American ballet dancer

Megan LeCrone is an American ballet dancer and soloist with the New York City Ballet.

== Early life and training ==
LeCrone was born in Winston-Salem, North Carolina to Jonathan and Sandra LeCrone and raised in Greensboro. She has two sisters, Emery LeCrone, a ballet dancer and choreographer, and Alexandra, an English teacher. LeCrone began her dance training when she was four years old at the School of Greensboro Ballet under the direction of Maryhelen Mayfield, John Dennis, and Elissa Minet Fuchs. When she was fourteen years old she began training with Melissa Hayden and Duncan Noble at the North Carolina School of the Arts in Winston-Salem.

==Career==
LaCrone performed choreography by Cecilia Bengolea, featuring the song “Geneva” by British musician Kindness. Using 3D scanners, the performance was made into an interactive viewing experience with layers of raw data that can be switched by the viewer.

LeCrone, along with six other dancers from the New York City Ballet, opened the Spring 2016 New York Fashion Week in a performance choreographed by Justin Peck.

In 2012 she was featured in a film short titled Figure Studies, and was later featured in a documentary series on the New York City Ballet in 2016. She was featured in the online fashion magazine StyleLikeU.

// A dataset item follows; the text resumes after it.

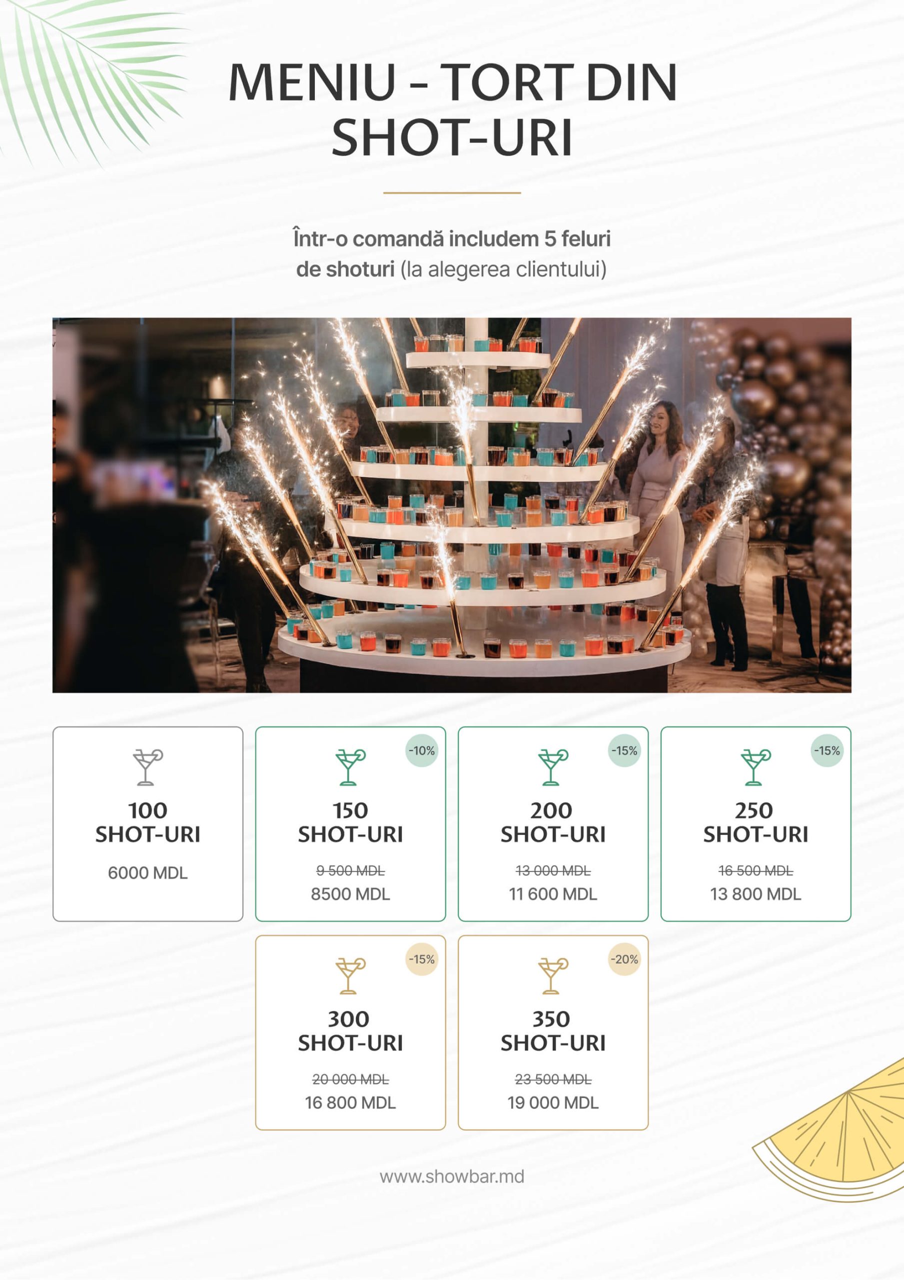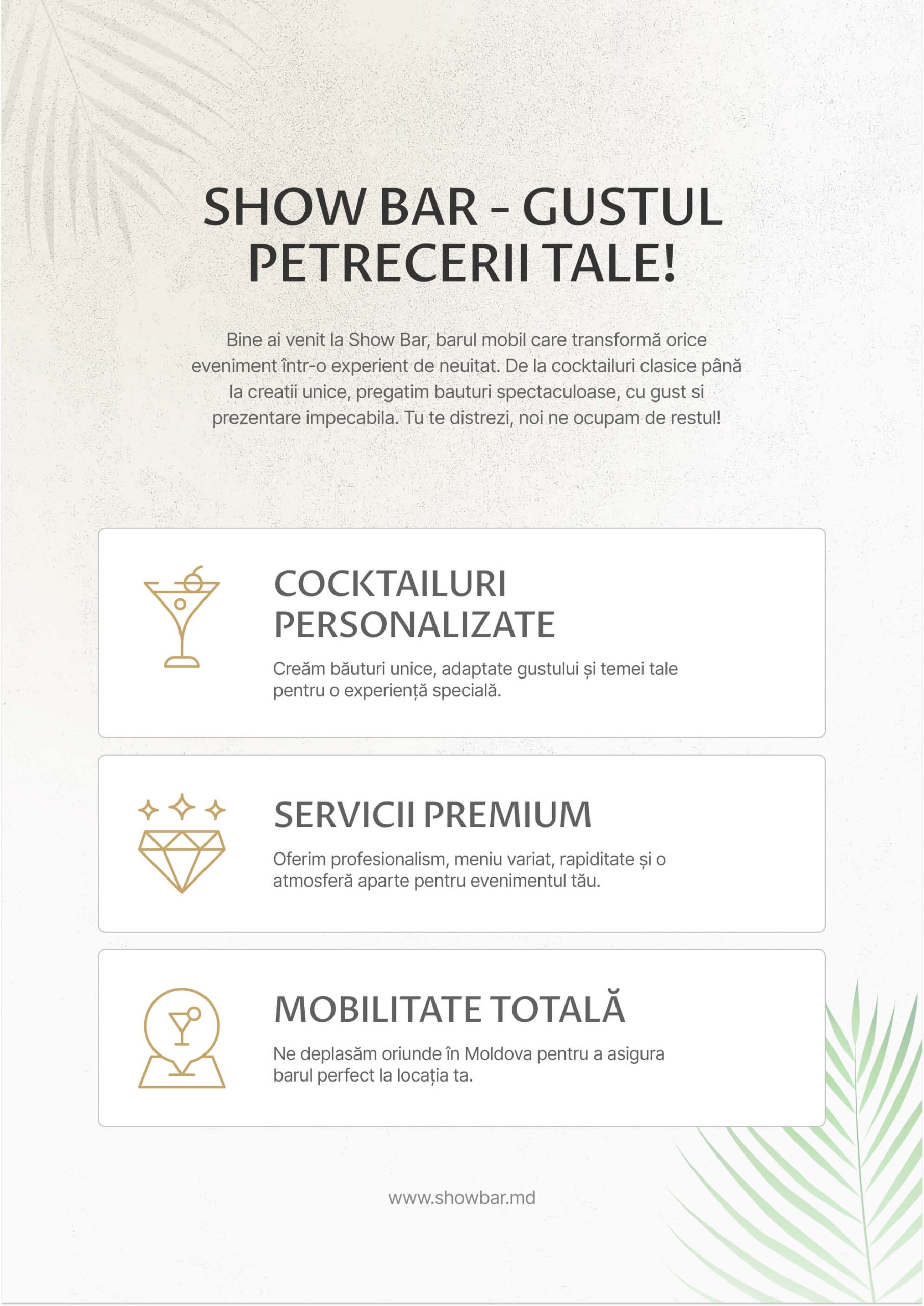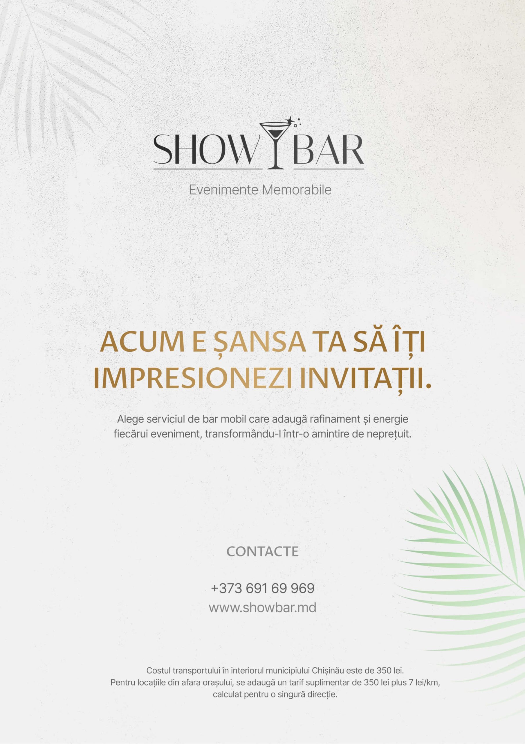 Show Bar este barul mobil care aduce gustul petrecerii tale oriunde în Moldova. Oferim cocktailuri personalizate, unice și spectaculoase, pregătite cu profesionalism pentru a face din orice eveniment o experiență memorabilă. Rapiditate, diversitate în meniu și o atmosferă vibrantă – tu te distrezi, iar noi ne ocupăm de bar!

=== New York City Ballet ===
In early fall of 2001, she entered the School of American Ballet and in November 2001 she became an apprentice with the New York City Ballet. In October 2002 she joined the company as member of the corps de ballet. She was on medical leave from the company for various injuries for seven years before she was promoted to the rank of soloist in February 2013. In 2012 she danced the role of Dewdrop in The Nutcracker. In 2015, LeCrone made her debut as the Sugar Plum Fairy in The Nutcracker. Notable performances include principal roles in Balanchine's Agon, Raymonda Variations, the opening Symphony in Episodes, Rubies from Jewels, and many other prominent and leading roles with the New York City Ballet.